-- Opening Marker --

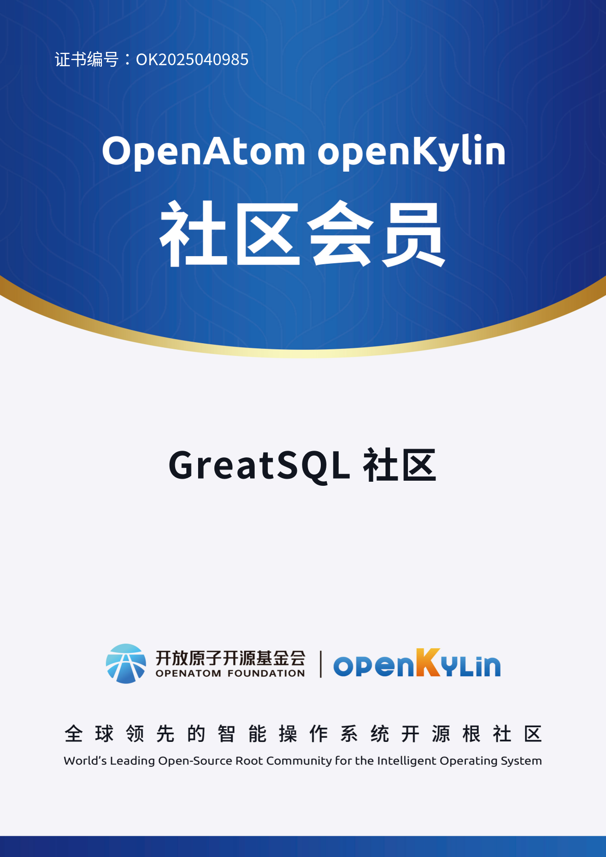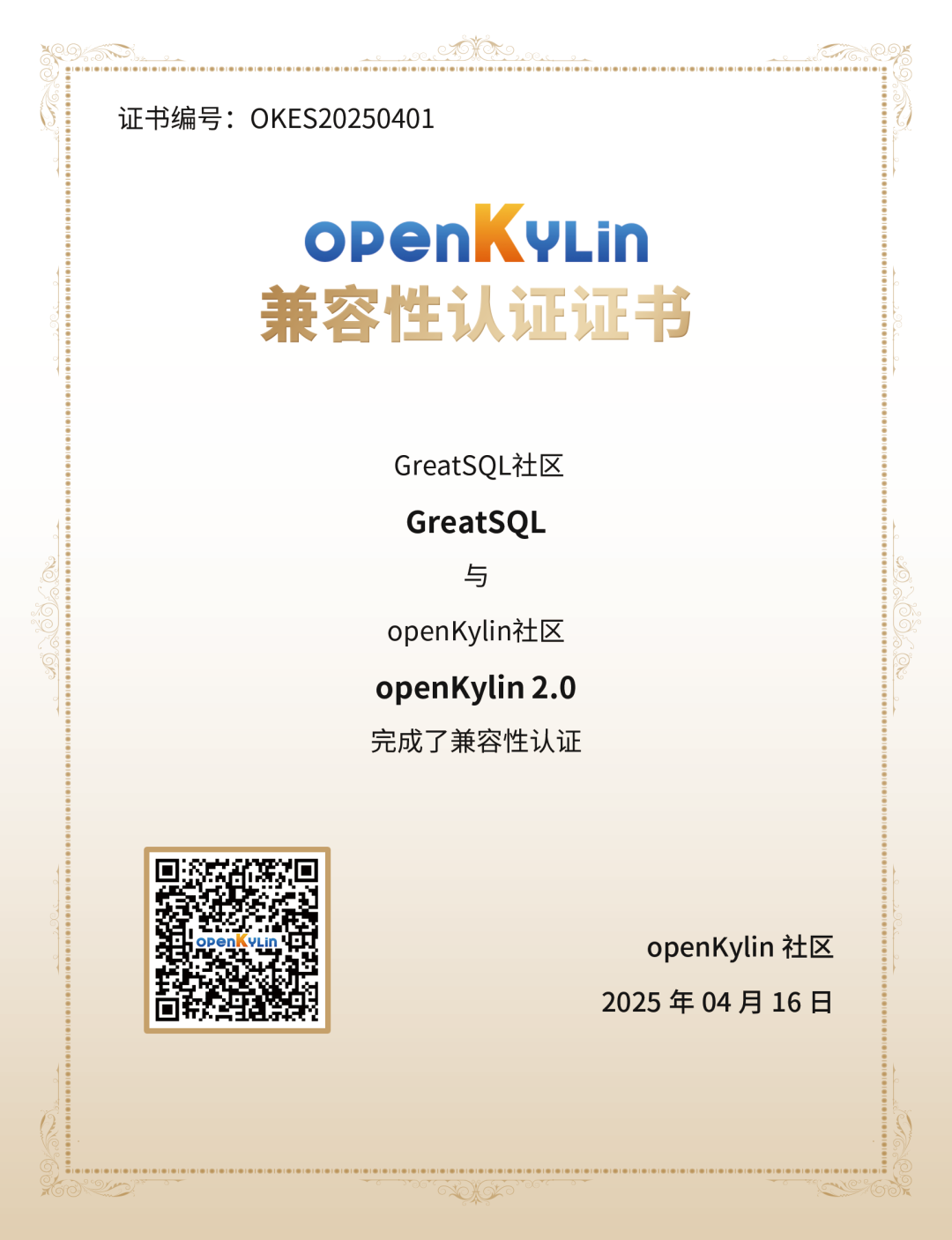 GreatSQL正式加入openKylin社区,成为其会员单位,未来双方将共同推动数据库与操作系统的深度适配与性能优化。与此同时,双方产品在技术团队的联合测试下,GreatSQL在openKylin操作系统上展现出卓越的稳定性与性能表现,尤其在金融级高并发场景下,事务处理效率提升显著,因此,GreatSQL与openKylin顺利完成兼容适配,并取得兼容性认证证书。
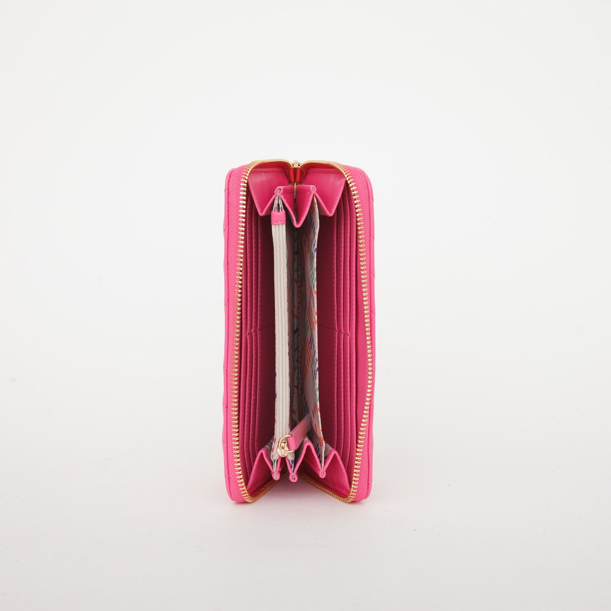 Portafoglio zip around ecosostenibile in PU, lavorazione matelassé, logo in metallo sul davanti, scomparto per tessere e carte business, scomparto per monete con zip, scomparto per banconote e chiusura con zip. Misure: 19 x 2 x 10 cm
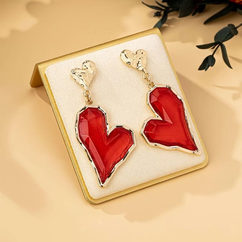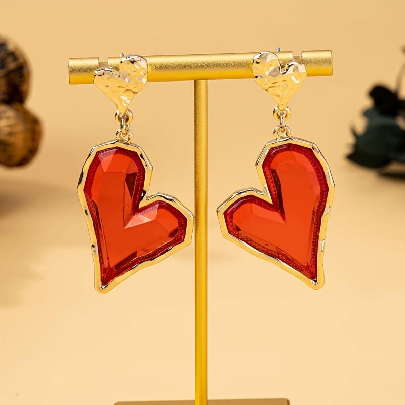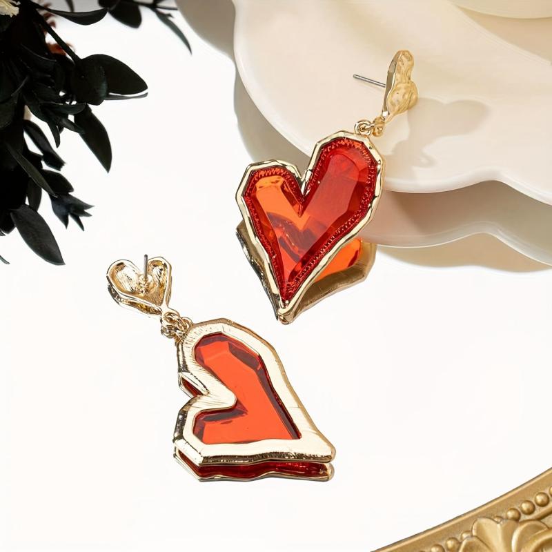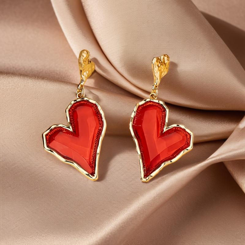 These heart-shaped drop earrings feature red resin with a golden tone zinc alloy. They are perfect for daily wear or parties, making them an ideal gift for mothers. These quirky earrings make a stylish statement.
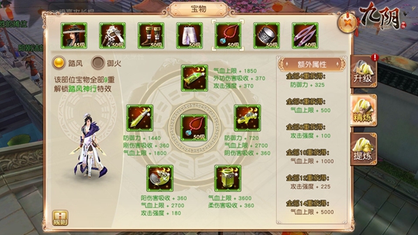 在淬炼属性的选择上,峨眉首选增加攻击比、增加攻击强度、气血、气血比的属性,其次选择防御和各类属性加伤和减伤之类属性。暴击和攻击回蓝不推荐使用因为暴击属性加的数值太少不如其他属性实用峨眉普攻速度慢攻击回蓝也不是很好用。
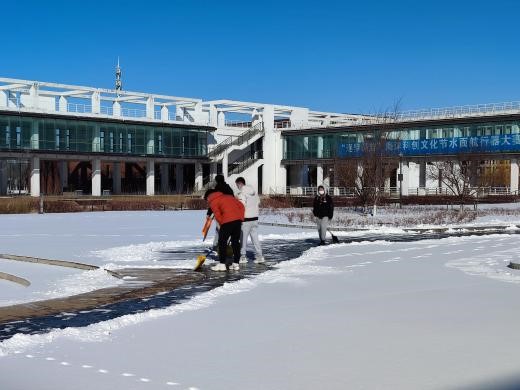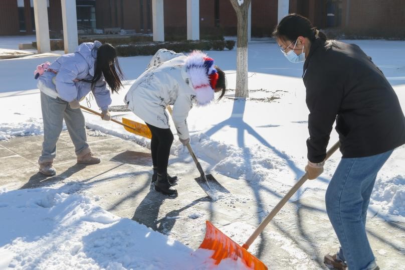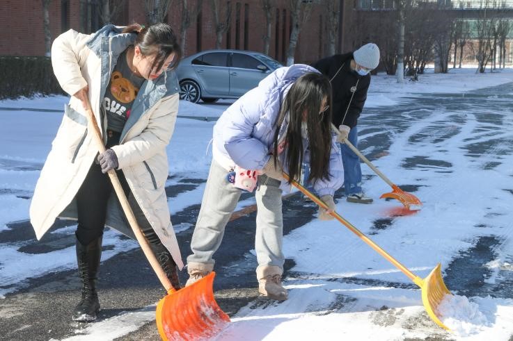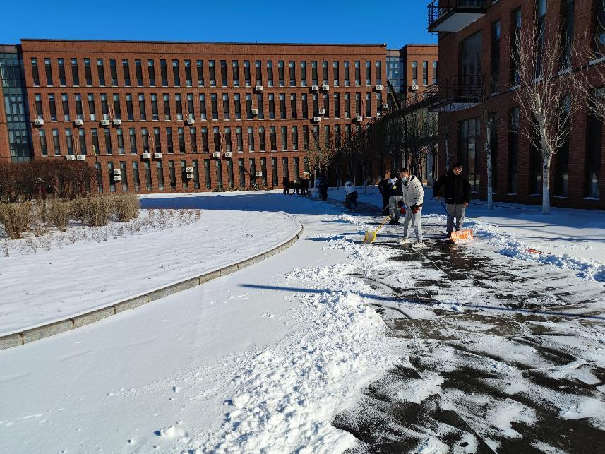 上午十点,志愿者前往D06,与学生党员进行交接工作,继续完成积雪清理。青年们的齐心协力与协调分工增进了学生之间的友情,增强了志愿者的凝聚力。经过一个多小时的奋战,道路上的积雪已被清扫干净,保证了海院师生的正常出行。
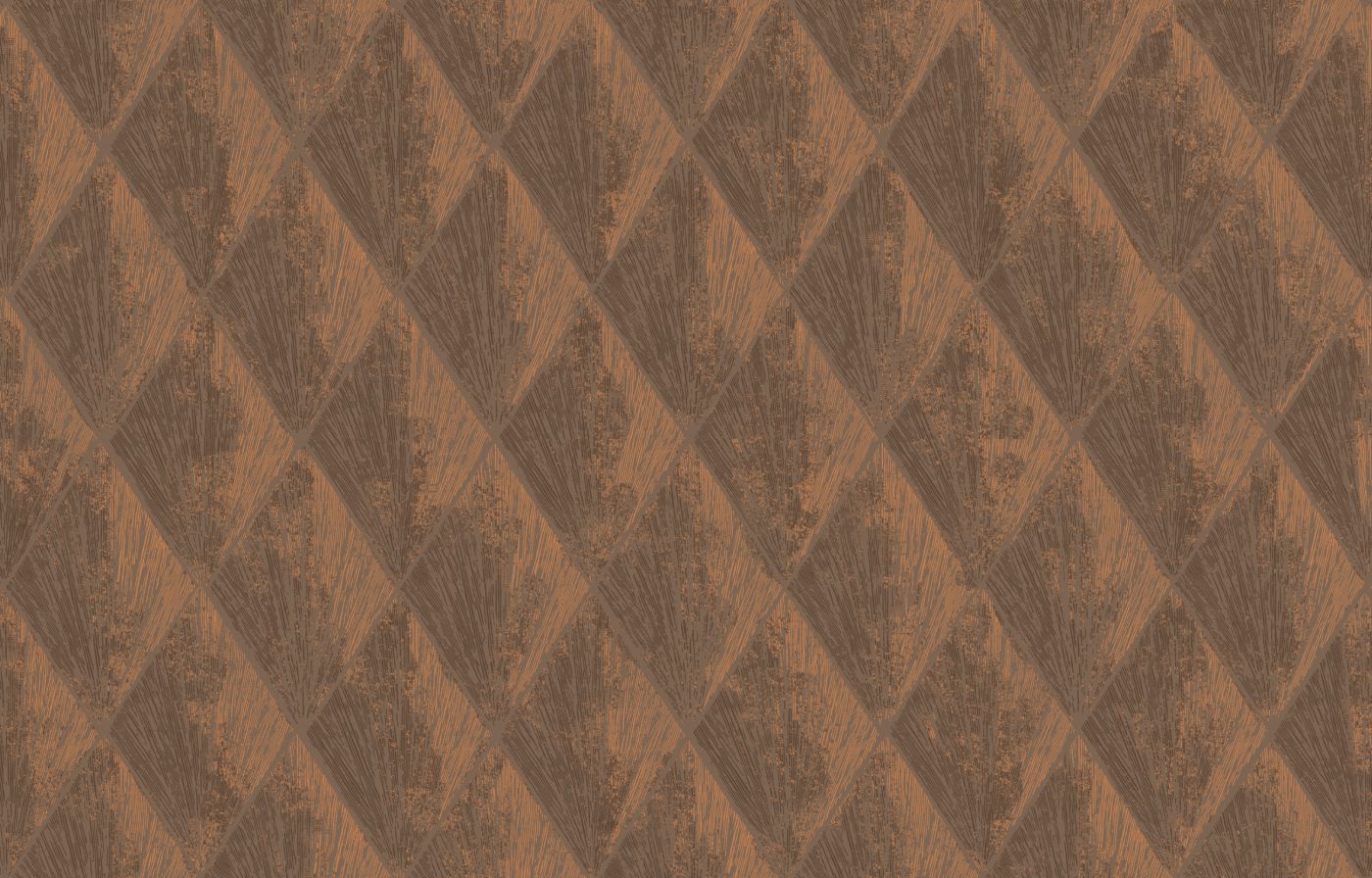 In einer Art-Deco-Bewegung leiht sich diese Kollektion die Codes der Intarsien und die geometrischen Balken der 1930er Jahre, um sie auf Tapeten zu interpretieren. Durch den Siebdruck zeigt es seine Relieffarben, als ob jede Linie der Dekoration von Hand gemalt wäre. Seine Farben kombinieren Matt mit Metallic: Kupfer, Silber und farbiges Gold sowie Koralle, Weiß oder Cyanblau.

-- Closing Marker --

■ PROBLEM REQUIREMENTS ■
Begin at the first line of the data above and repeat each line exactly, stopping after the line containing "上午十点,志愿者前往D06,与学生党员进". Omit the pictures.

■ EXPECTED OUTPUT ■
 GreatSQL正式加入openKylin社区,成为其会员单位,未来双方将共同推动数据库与操作系统的深度适配与性能优化。与此同时,双方产品在技术团队的联合测试下,GreatSQL在openKylin操作系统上展现出卓越的稳定性与性能表现,尤其在金融级高并发场景下,事务处理效率提升显著,因此,GreatSQL与openKylin顺利完成兼容适配,并取得兼容性认证证书。
 Portafoglio zip around ecosostenibile in PU, lavorazione matelassé, logo in metallo sul davanti, scomparto per tessere e carte business, scomparto per monete con zip, scomparto per banconote e chiusura con zip. Misure: 19 x 2 x 10 cm
 These heart-shaped drop earrings feature red resin with a golden tone zinc alloy. They are perfect for daily wear or parties, making them an ideal gift for mothers. These quirky earrings make a stylish statement.
 在淬炼属性的选择上,峨眉首选增加攻击比、增加攻击强度、气血、气血比的属性,其次选择防御和各类属性加伤和减伤之类属性。暴击和攻击回蓝不推荐使用因为暴击属性加的数值太少不如其他属性实用峨眉普攻速度慢攻击回蓝也不是很好用。
 上午十点,志愿者前往D06,与学生党员进行交接工作,继续完成积雪清理。青年们的齐心协力与协调分工增进了学生之间的友情,增强了志愿者的凝聚力。经过一个多小时的奋战,道路上的积雪已被清扫干净,保证了海院师生的正常出行。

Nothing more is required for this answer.